The first consideration is to decide which type of case to build . . . American or European. Then which type of hardware to use.

Basic cabinet construction is just box building. The first cabinet I built, I found a cabinet my uncle had built and copied it. 

When I build cabinets I identify and list all the invariables. Then I design the cabinets to respect all the invariables. I select everything, including finish, before I start. 

I like a natural birch interior and a selected species exterior.


----------



## rrbrown (Feb 15, 2009)

You can use 3/4" or 1/2" it's personal preference if your using face frames. If no face frame 3/4" is needed use 1/4" for the backs either way. I've seen some use 1/2" for the back but I use 1/4" with a 1/2" or 3/4" x 6" stringer across the top back to use for attaching to the wall. If you build the carcasses then you can build the drawers, I like 1/2" baltic birch or you can use solid wood if you would like but 2/4" drawer sides or to thick IMO. 1/4" bottoms is all that's needed. Now all you have to do is get the doors and drawer fronts built.


----------



## iceman536 (Oct 20, 2010)

I plan on face frame with partial overlay. I am just not sure the "best" way to go - it seems like there are countless ways based on personal preferences. I would really feel better with plans or a diagram so I build them sturdy and they can actually be installed. Other things I'm not sure of like do you finish the interiors, even with just something to protect the wood? Many seem to use melamine for that, which I would like to avoid. Maybe copying what I have now, with necessary improvements is the way to go?

I am thinking of buying a dovetail jig and if I do I'll make the drawers. Maybe overkill but I want to be proud of my workmanship and the extra time / money shouldn't be a problem.


----------



## 240sxguy (Sep 13, 2010)

Iceman, I am planning the exact same project so I am watching intently!


----------



## ash123 (Mar 14, 2010)

There's only three cabinets to build . . . a wall, a base, and a tall. The tall bottom is made like a base and it's top is made like a wall. That leaves only two cabinets to learn to make. The wall is just a box without a toe-kick, and a base is a box with a toe-kick. The invariables will dictate all sizes almost without exception. 

Just find a wall cabinet and a base cabinet and copy them. There's no need for a plan to build a cabinet, just a layout for the kitchen.


----------



## sketel (Sep 15, 2010)

"I use 1/4" with a 1/2" or 3/4" x 6" stringer across the top back to use for attaching to the wall."

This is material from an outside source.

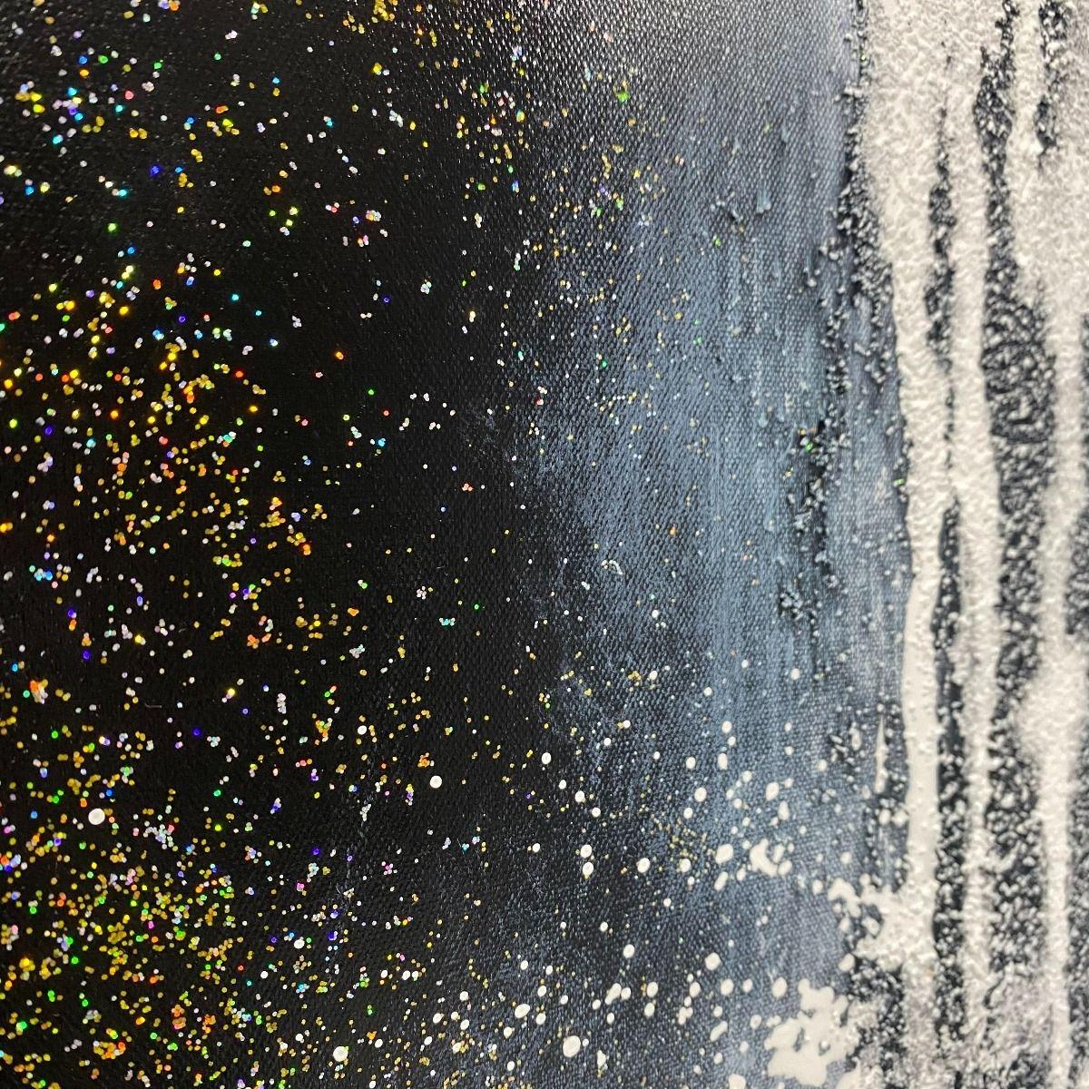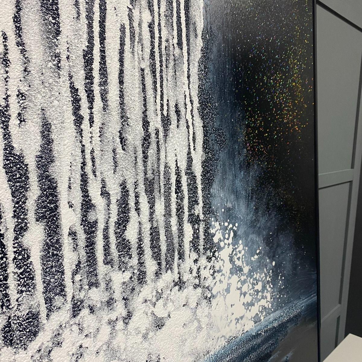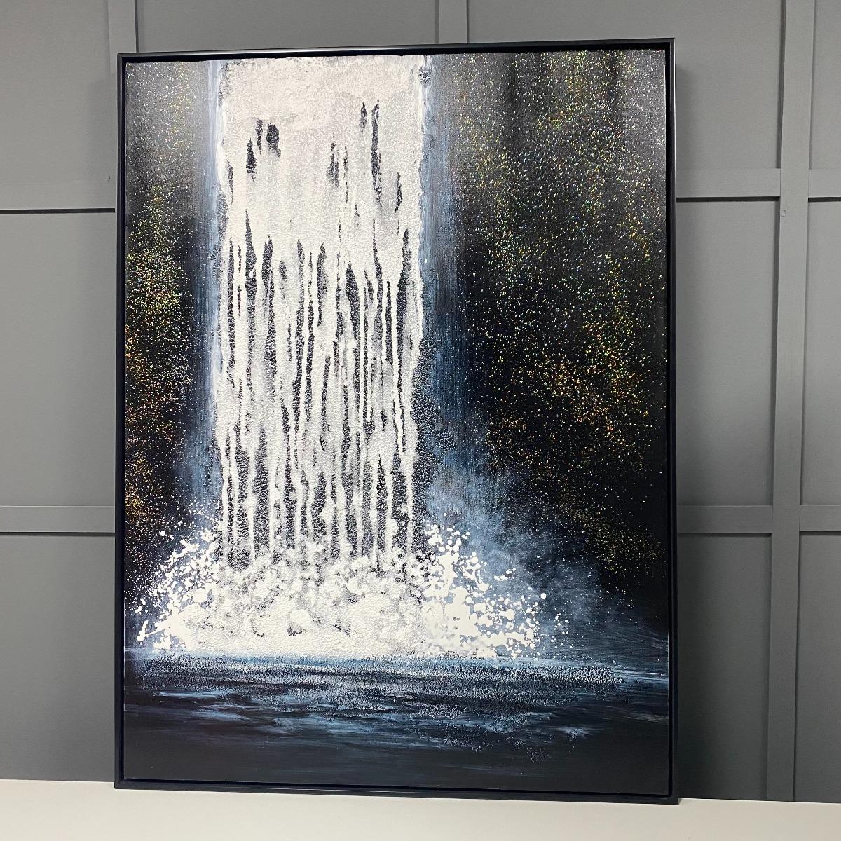 Abstract waterfall painted canvas boasting a black frame. Update any room with the Abstract Waterfall painted canvas boasting glitter detailing and black frame. Featuring a textured waterfall scene, perfect for contemporary interiors.

Not to state the obvious, but when you put the stringer on your uppers, be sure they are exactly the same on each box. I once installed a custom job where they put on stringers of random widths and at different heights which unnecessarily complicated things. If you make them the same on all your uppers, you can level and screw a piece of plywood to your wall the entire length of the run. That way you don't have to hold the cabinet level as you screw to the wall, the strip holds it for you. 

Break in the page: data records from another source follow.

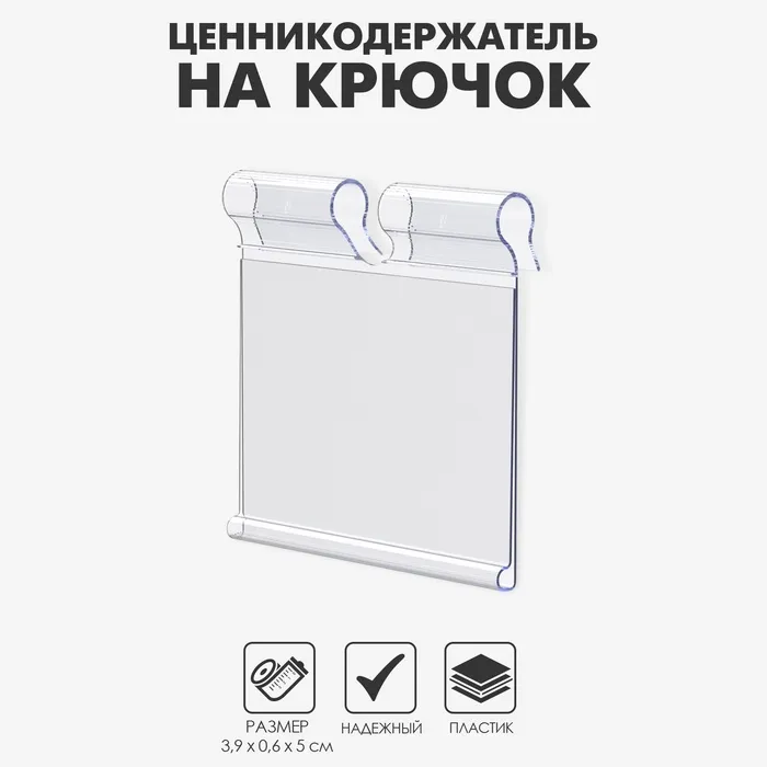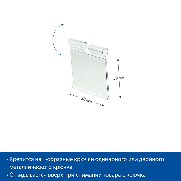 Ценникодержатель на крючок откидной 3,9×5 см, цвет прозрачный — Характеристики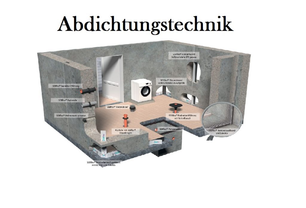Z.B. Fugenbleche mit Polymerbitumen- oder Kautschuckbeschichtung und AbP, Quellbänder, Injektionsschläuche, Fugenbänder und mineralische Abdichtungssysteme.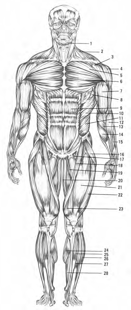 人体肌肉主要分布于躯干和四肢,一般都附着于骨上,故称之为骨骼肌。骨骼肌多数对称分布,在健美健身运动中经常提及的仅六七十对。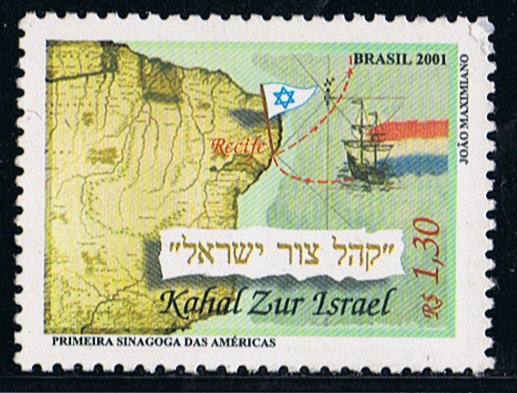 The stamp was issued by Brazil in 2001 to commemorate Kahal Zur Israel. The map, Nova et Accurata Brasiliae totius Tabula by Jan Blaeu, ca. 1662, forms the background, with a red dotted line indicating the arrival of Dutch Jews in Recife, and their departure to New Amsterdam. The ship (a caravel ???) and the flag of Israel and the Netherlands.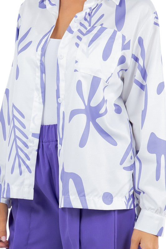 Sexy 2pcs set, round neckline, long sleeves, front button, elasticized waist pants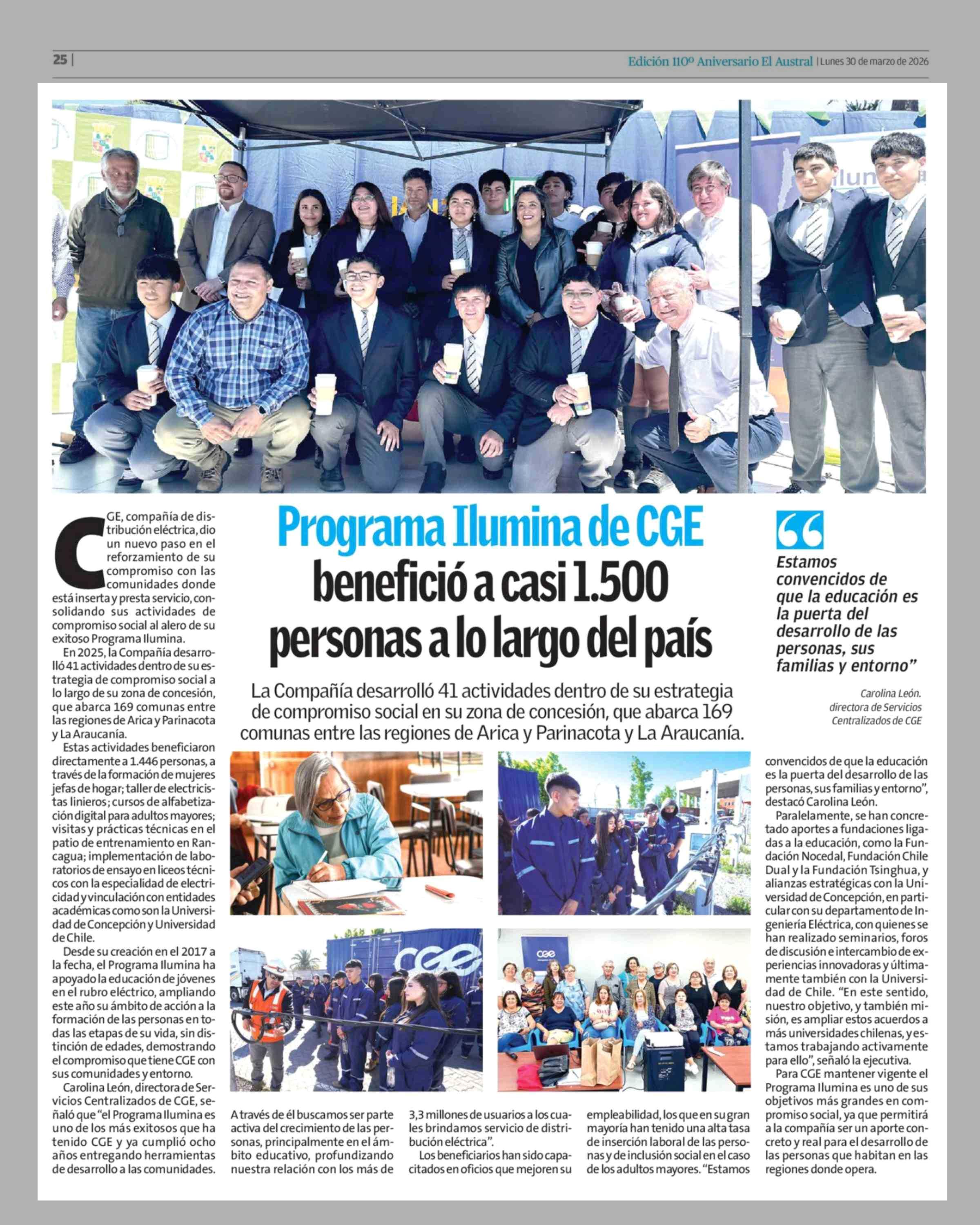 Título: Programa Ilumina de CGE benefició a casi 1.500 personas a lo largo del país

As far as box construction goes rabbet the joints and then glue, clamp and staple. Let the glue cure before moving. You need corner braces on the open top side of the box. Dado out the back side of your face frame pieces before you assemble. You can pocket screw your face frames. Once assembled and cured, glue and clamp your face frame to your box then staple from the inside of your box at an angle while the face frame is still clamped on. Make separate toe kicks.


----------



## braden johns (Oct 19, 2010)

you can look at the book store they have how to books on every thing.some with the blue prints............hope you find one.......


----------



## iceman536 (Oct 20, 2010)

Hopefully also not stating the obvious - the back of the cabinet should be 3/4" inset, so when installing a 3/4" stringer it will be flush with the sides??


----------



## iceman536 (Oct 20, 2010)

sketel said:


> "I use 1/4" with a 1/2" or 3/4" x 6" stringer across the top back to use for attaching to the wall."
> 
> Dado out the back side of your face frame pieces before you assemble. You can pocket screw your face frames. Once assembled and cured, glue and clamp your face frame to your box then staple from the inside of your box at an angle while the face frame is still clamped on. Make separate toe kicks.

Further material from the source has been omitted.